■ **INPUT DATA**

━━━━━━

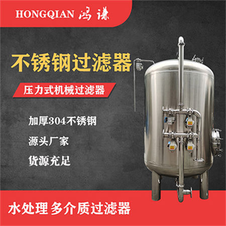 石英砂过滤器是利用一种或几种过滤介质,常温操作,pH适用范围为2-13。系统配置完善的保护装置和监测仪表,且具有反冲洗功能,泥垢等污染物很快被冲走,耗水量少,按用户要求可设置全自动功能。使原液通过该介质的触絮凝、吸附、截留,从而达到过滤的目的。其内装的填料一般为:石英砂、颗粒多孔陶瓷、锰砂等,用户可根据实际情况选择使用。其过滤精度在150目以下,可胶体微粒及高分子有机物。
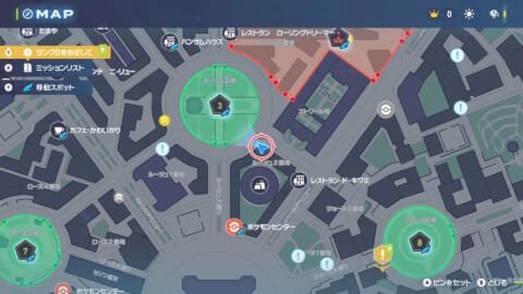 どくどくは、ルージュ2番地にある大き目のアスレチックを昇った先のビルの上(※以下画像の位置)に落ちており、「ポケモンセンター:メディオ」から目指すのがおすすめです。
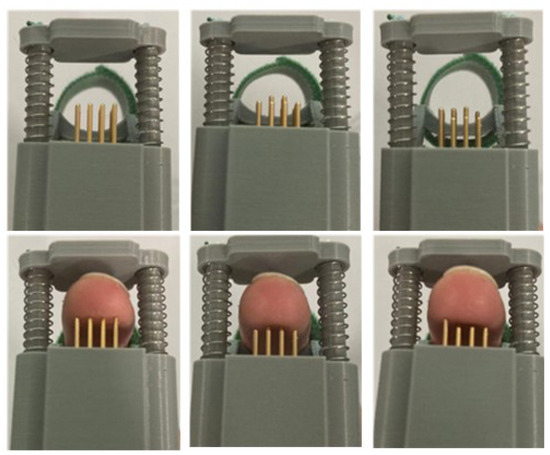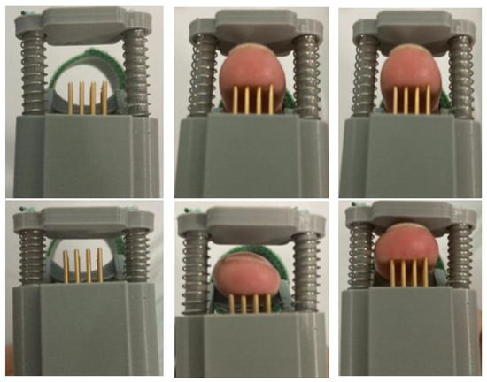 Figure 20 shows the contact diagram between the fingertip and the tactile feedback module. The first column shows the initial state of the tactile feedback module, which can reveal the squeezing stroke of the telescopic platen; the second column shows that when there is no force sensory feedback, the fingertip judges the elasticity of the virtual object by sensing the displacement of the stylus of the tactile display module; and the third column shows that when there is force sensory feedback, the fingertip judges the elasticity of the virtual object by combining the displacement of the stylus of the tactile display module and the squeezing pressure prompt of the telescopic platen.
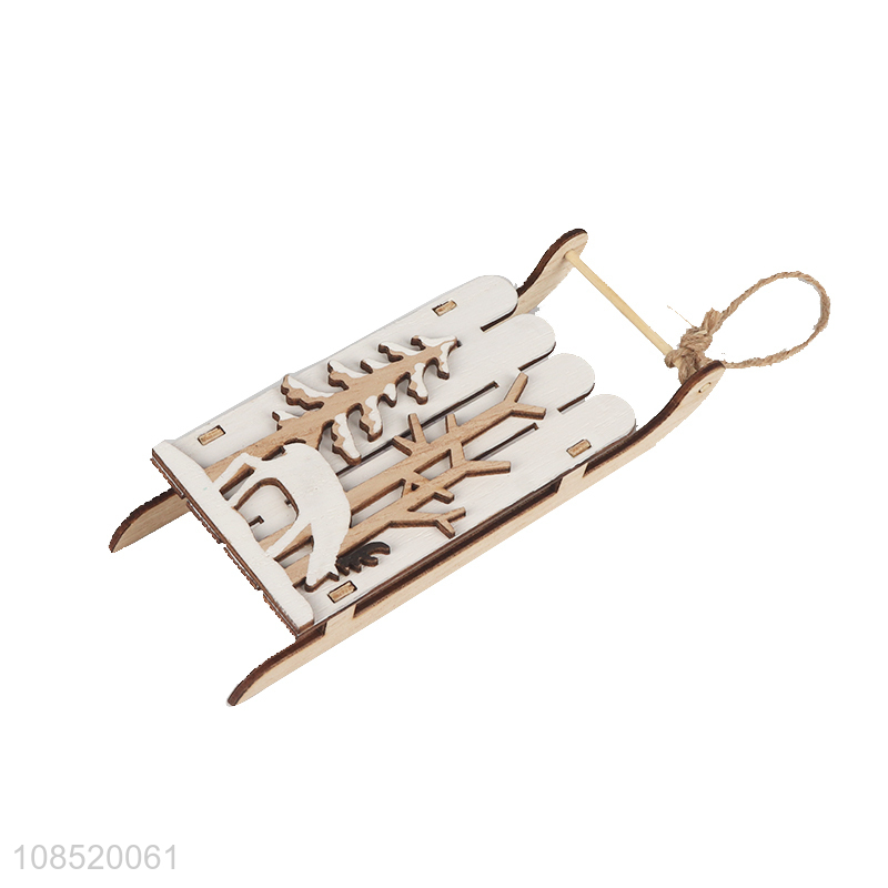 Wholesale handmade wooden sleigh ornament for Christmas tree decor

━━━━━━

■ **WHAT TO DO**
What you return must match the lines above from the one with "どくどくは、ルージュ2番地に" through the one with "Figure 20 shows" exactly, with both ends included and the pictures excluded.

■ **REPLY**
 どくどくは、ルージュ2番地にある大き目のアスレチックを昇った先のビルの上(※以下画像の位置)に落ちており、「ポケモンセンター:メディオ」から目指すのがおすすめです。
 Figure 20 shows the contact diagram between the fingertip and the tactile feedback module. The first column shows the initial state of the tactile feedback module, which can reveal the squeezing stroke of the telescopic platen; the second column shows that when there is no force sensory feedback, the fingertip judges the elasticity of the virtual object by sensing the displacement of the stylus of the tactile display module; and the third column shows that when there is force sensory feedback, the fingertip judges the elasticity of the virtual object by combining the displacement of the stylus of the tactile display module and the squeezing pressure prompt of the telescopic platen.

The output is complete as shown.